*** Opening DATA TO USE ***
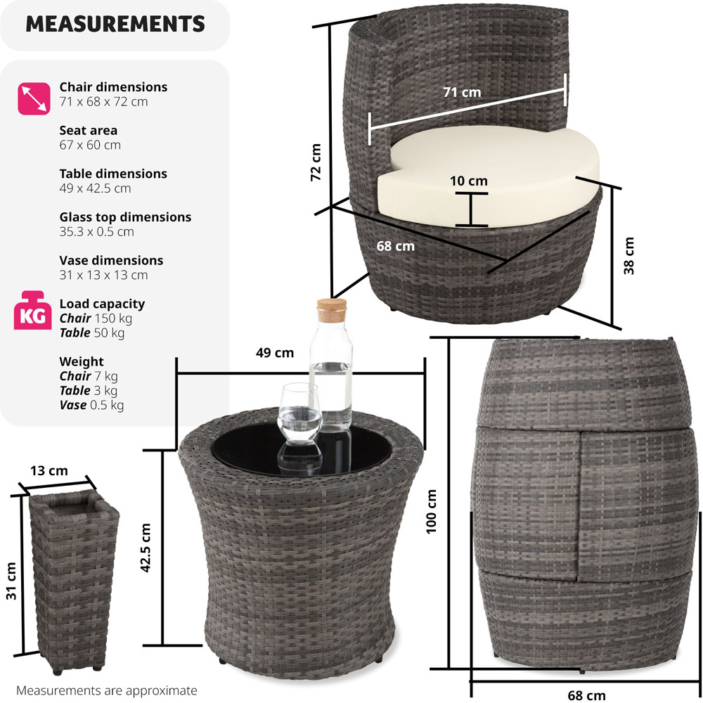 Sink into summer with this fabulous four-piece rattan seating set from tectake, where breezy style meets ultimate comfort. The sumptuously thick cushions redefine relaxation, whilst the durable polyrattan weave and sturdy, rust-resistant aluminium frame ensure this set is perfect for outdoor use. When the sun dips, the pieces nest neatly together in an oval shape. Small in size, but big on impact: this modern tectake rattan set brings effortless style to any space.
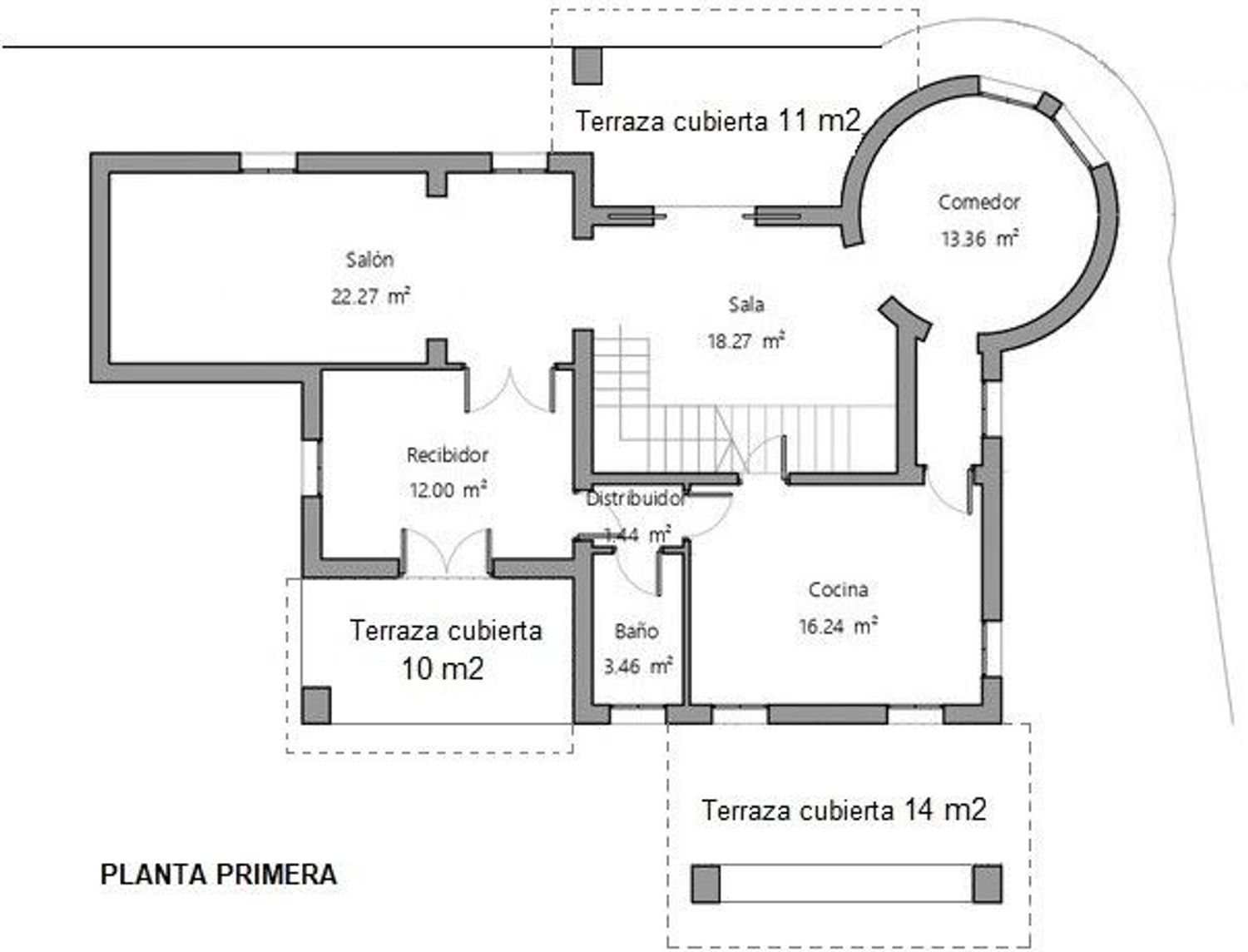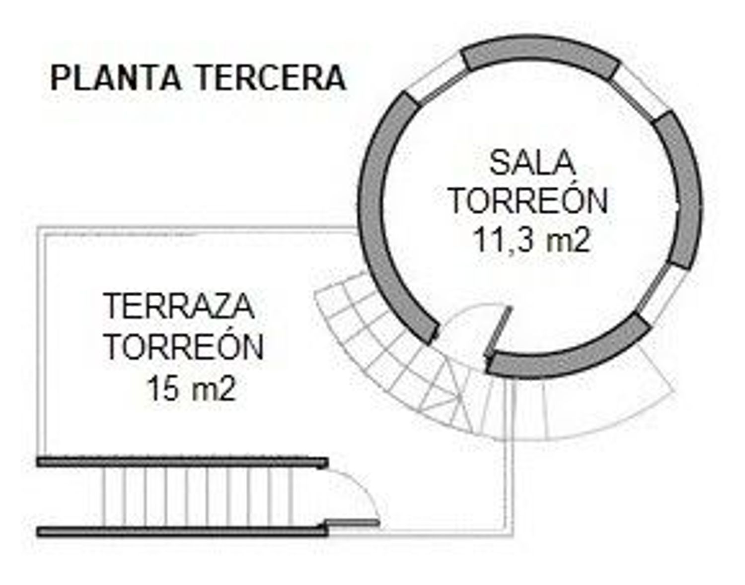 Hagen, med middelhavsvoksende planter, overbygde terrasser og avslapningsområder, gir et ideelt sted å nyte naturen og slappe av. Blant fasilitetene er en håndlaget stein-grill og mulighet for å installere et basseng med sjøutsikt, som maksimerer opplevelsen av middelhavslivet. Hvert element i Casa Torreón er nøye designet for å maksimere forbindelsen til sjøen og den omkringliggende naturen, og gjør dette til en eksklusiv, rolig og unik bolig ved Middelhavet.
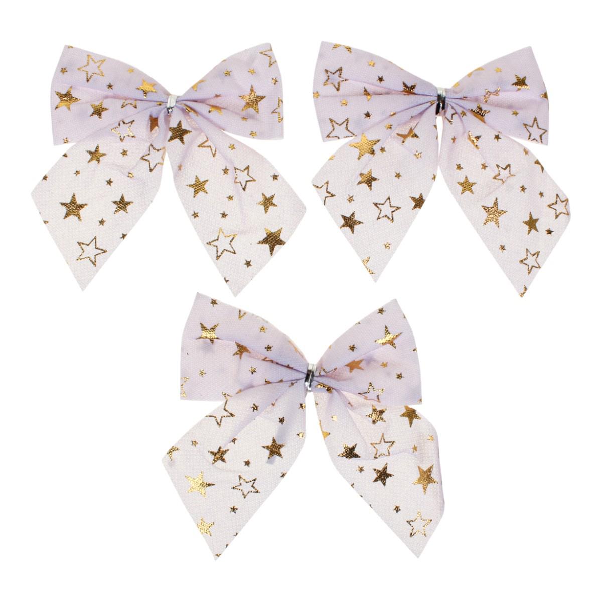 Идеально подходит для оформления новогодних деревьев, праздничных композиций, гирлянд и подарков. Лёгкие и удобные в размещении, банты можно закрепить на ветках, лентах или других декоративных элементах. Комплект из 3 штук позволяет создавать гармоничные ансамбли или распределить украшения в разных зонах интерьера.
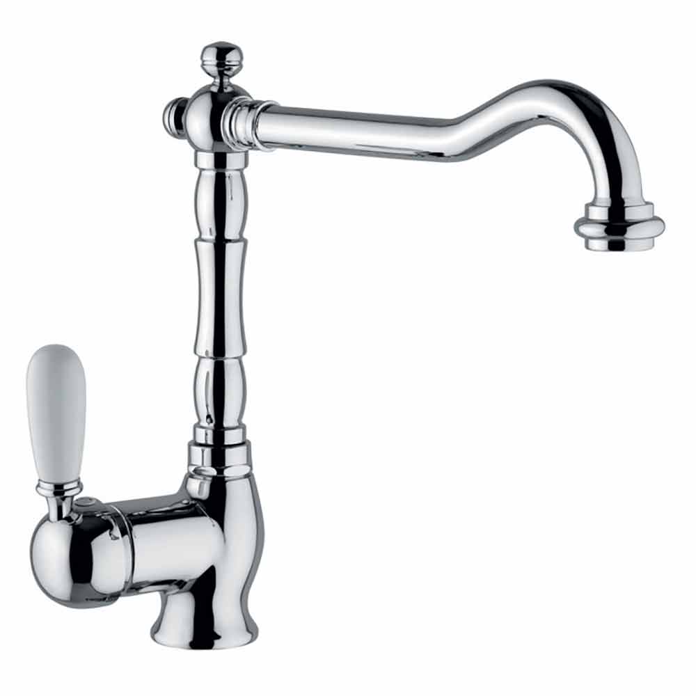 Küchenspüle Mischer in Italien in Messing komplett mit einstellbarem antikem Ausguss gemacht. Linien mit klassischem Geschmack treffen auf die Eleganz von Messing und seine wundervollen Oberflächen und schaffen so ein raffiniertes Element, das die Einrichtung jeder Küche revolutionieren kann und einen raffinierten und klassischen Touch verleiht, der perfekt für Umgebungen mit traditionellem sowie modernem und modernem Stil geeignet ist . Das Produkt sorgt auch für zusätzliche Aufmerksamkeit für die Umwelt, indem es eine Art Patrone anbietet, die genau zum Energiesparen entwickelt und hergestellt wurde. Es ist ES definiert und liefert kaltes Wasser, wenn der Hebel in der Mittelstellung angehoben wird, wodurch die Anforderung von heißem Wasser an den Kessel vermieden wird und somit eine Energieeinsparung ermöglicht wird.
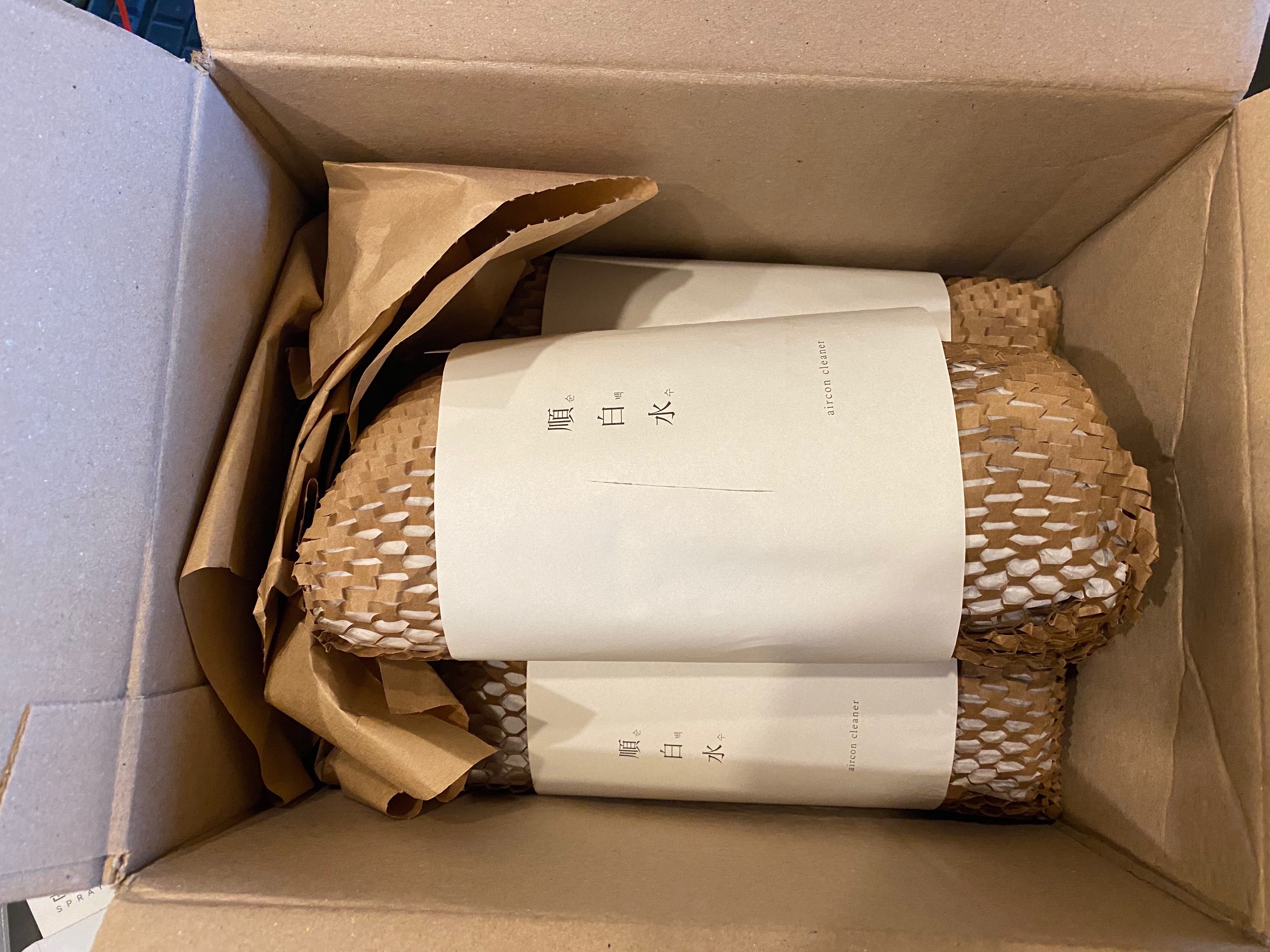 요즘은 냉난방 겸용 제품들이 대세가 된 거 같습니다. 한여름엔 더워서 에어컨을, 한겨울엔 추워서 히터를 켜는데 일 년에 거의 절반을 이런 냉난방 겸용 제품을 사용하게 됩니다. 문제는 이렇게 장시간 사용하게 되면서 내부 청소를 하는 일이 예전보다 잦아졌다는 점인데요, 청소 전문 업체에 맡기면 편리하고 깨끗하게 구석구석 청소를 해준다는 장점이 있지만 비용이 너무 많이 들어 부담이 된다는 점이지요. 저도 학원에 냉난방 제품이 3대에 에어컨 전용 2대 총 다섯 대의 제품들이 있어서 그거 일 년에 한 번씩만 맡겨도 후덜덜 하겠지요? 그래서 업체에 맡기는 것보다는 자주 청소해 주는 것으로 대신하고 있는데요, 에어컨 청소 제품으로는 초창기에 스프레이 분사식 제품들이 많이 유통되었고 지금도 많이 사용되고 있는 제품인데 문제는 요런 제품들은 강력한 세제 성분들이 들어 있고 가격 또한 한 캔에 보통 2~3천 원 정도 한다는 겁니다. 일 년에 한두 번 정도 청소를 하면 모를까 월 2회 이상 사용을 한다면 요것 또한 가격 부담이 되는 거랍니다. 또 거기에 따른 재활용 쓰레기들이 많이 나오니 이래저래 알뜰 살림에는 도움이 안 되겠죠? 그래서 청소도 맘껏 자주 할 수 있고 사용 후 우리 몸도 헤치지 않는 그런 제품을 찾아봤습니다. '순백수 에어컨 클리너'라는 제품이 눈에 들어왔고 저는 자주 청소를 해야 해서 1리터 3개 제품을 구입했지요. 가격은 4만 원대였던 거 같습니다. 이제부터 언박싱 해보도록 하겠습니다.
*** Closing DATA TO USE ***
* [INSTRUCTIONS FOR THE TASK]: What is wanted is an exact copy of the lines from the line with "Идеально подходит для" through the end of the records, both ends included, pictures excluded.

* [OUTPUT OF THE EXERCISE]:
 Идеально подходит для оформления новогодних деревьев, праздничных композиций, гирлянд и подарков. Лёгкие и удобные в размещении, банты можно закрепить на ветках, лентах или других декоративных элементах. Комплект из 3 штук позволяет создавать гармоничные ансамбли или распределить украшения в разных зонах интерьера.
 Küchenspüle Mischer in Italien in Messing komplett mit einstellbarem antikem Ausguss gemacht. Linien mit klassischem Geschmack treffen auf die Eleganz von Messing und seine wundervollen Oberflächen und schaffen so ein raffiniertes Element, das die Einrichtung jeder Küche revolutionieren kann und einen raffinierten und klassischen Touch verleiht, der perfekt für Umgebungen mit traditionellem sowie modernem und modernem Stil geeignet ist . Das Produkt sorgt auch für zusätzliche Aufmerksamkeit für die Umwelt, indem es eine Art Patrone anbietet, die genau zum Energiesparen entwickelt und hergestellt wurde. Es ist ES definiert und liefert kaltes Wasser, wenn der Hebel in der Mittelstellung angehoben wird, wodurch die Anforderung von heißem Wasser an den Kessel vermieden wird und somit eine Energieeinsparung ermöglicht wird.
 요즘은 냉난방 겸용 제품들이 대세가 된 거 같습니다. 한여름엔 더워서 에어컨을, 한겨울엔 추워서 히터를 켜는데 일 년에 거의 절반을 이런 냉난방 겸용 제품을 사용하게 됩니다. 문제는 이렇게 장시간 사용하게 되면서 내부 청소를 하는 일이 예전보다 잦아졌다는 점인데요, 청소 전문 업체에 맡기면 편리하고 깨끗하게 구석구석 청소를 해준다는 장점이 있지만 비용이 너무 많이 들어 부담이 된다는 점이지요. 저도 학원에 냉난방 제품이 3대에 에어컨 전용 2대 총 다섯 대의 제품들이 있어서 그거 일 년에 한 번씩만 맡겨도 후덜덜 하겠지요? 그래서 업체에 맡기는 것보다는 자주 청소해 주는 것으로 대신하고 있는데요, 에어컨 청소 제품으로는 초창기에 스프레이 분사식 제품들이 많이 유통되었고 지금도 많이 사용되고 있는 제품인데 문제는 요런 제품들은 강력한 세제 성분들이 들어 있고 가격 또한 한 캔에 보통 2~3천 원 정도 한다는 겁니다. 일 년에 한두 번 정도 청소를 하면 모를까 월 2회 이상 사용을 한다면 요것 또한 가격 부담이 되는 거랍니다. 또 거기에 따른 재활용 쓰레기들이 많이 나오니 이래저래 알뜰 살림에는 도움이 안 되겠죠? 그래서 청소도 맘껏 자주 할 수 있고 사용 후 우리 몸도 헤치지 않는 그런 제품을 찾아봤습니다. '순백수 에어컨 클리너'라는 제품이 눈에 들어왔고 저는 자주 청소를 해야 해서 1리터 3개 제품을 구입했지요. 가격은 4만 원대였던 거 같습니다. 이제부터 언박싱 해보도록 하겠습니다.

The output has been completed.